Lang::JA::Kana - Japanese Kana Conversion Utilities

Documentation:

Main: English • 日本語
Romaji: README-Romaji.md
Cyrillic: English • Русский
Hangul: English • 한국어

Overview

Lang::JA::Kana is a Raku module for converting between different Japanese kana scripts (Hiragana and Katakana) and their various forms.
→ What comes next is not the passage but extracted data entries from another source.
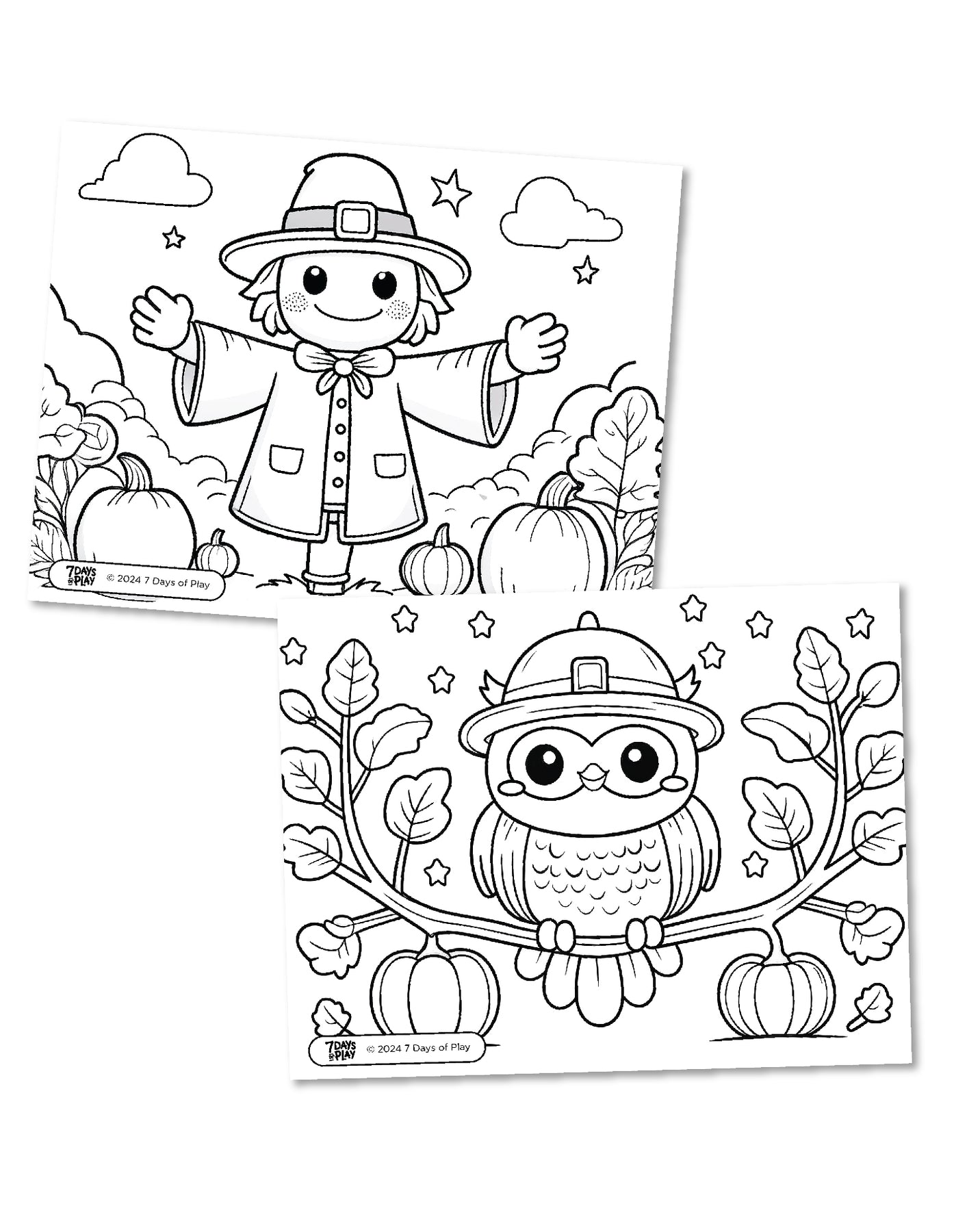 Embrace the charm of autumn with our “20 Fall Themed Coloring Pages - Printable,” a delightful collection that brings the essence of the season to life through art. Perfect for children and adults alike, this set features 20 unique and beautifully detailed coloring pages, each designed to spark creativity and provide a relaxing activity.Our fall-themed coloring pages include a variety of enchanting illustrations, such as a cute pumpkin, a fox amidst autumn leaves, a wise owl perched on a branch, and a turkey, symbolizing the festive spirit of the season. Additionally, you’ll find scenes depicting a basket of freshly picked apples, a playful squirrel gathering acorns, a vibrant sunflower field, and a cozy scene of pumpkin pie served with hot chocolate.These coloring pages are perfect for school activities, quiet home time, or therapeutic art sessions. Each page encourages users to explore their artistic side while celebrating the rich colors and textures of fall. The variety of designs ensures that everyone can find a page that resonates with them, making it a great way to unwind and embrace the season’s beauty.
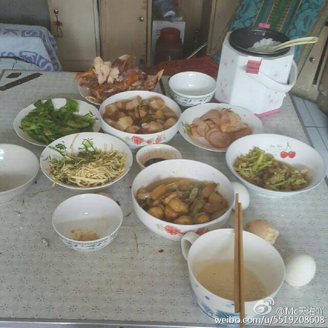 MC天佑在端午节和家人一起吃简单的饭菜 / 微博
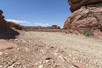 a dirt road in a desert area next to some rocks and boulders on a sunny day
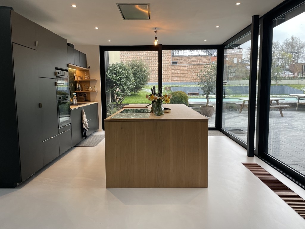 Cuisine ouverte sur un salon/salle à manger avec grande cheminée, entièrement tournée vers l'extérieur par de grandes baies vitrées.

It provides support for modern kana, historical variants, half-width characters, and specialized Unicode symbols.

Features

Bidirectional Script Conversion: Seamless conversion between Hiragana and Katakana
Half-width Support: Handling of half-width katakana (ﾊﾝｶｸ) conversion
Historical Kana: Support for Hentaigana (変体仮名) and obsolete characters
Modern Extensions: Foreign sound adaptations (ファ, ティ, ウィ, etc.)
Specialized Symbols: Circled and squared katakana processing
Sound Mark Analysis: Diacritical mark separation and analysis
Cross-script Integration: Built-in integration with Romaji, Cyrillic, and Hangul converters

Installation

use Lang::JA::Kana;

Basic Usage

Hiragana ↔ Katakana Conversion

use Lang::JA::Kana;

# Basic conversions
say to-katakana("こんにちは");     # → コンニチハ
say to-hiragana("コンニチハ");     # → こんにちは

# With modern extensions
say to-katakana("ふぁみりー");     # → ファミリー
say to-hiragana("ファミリー");     # → ふぁみりー

# Combination sounds (拗音)
say to-katakana("きゃりーぱみゅぱみゅ");  # → キャリーパミュパミュ
say to-hiragana("キャリーパミュパミュ");  # → きゃりーぱみゅぱみゅ

# Mixed text (non-kana characters pass through unchanged)
say to-katakana("Hello こんにちは World");  # → Hello コンニチハ World
say to-hiragana("Hello コンニチハ World");  # → Hello こんにちは World

Half-width Katakana Conversion

# Half-width to full-width conversion
say to-fullwidth-katakana("ｱｲｳｴｵ");     # → アイウエオ
say to-fullwidth-katakana("ｶﾞｷﾞｸﾞ");    # → ガギグ (voiced combinations)
say to-fullwidth-katakana("ﾊﾟﾋﾟﾌﾟ");    # → パピプ (semi-voiced combinations)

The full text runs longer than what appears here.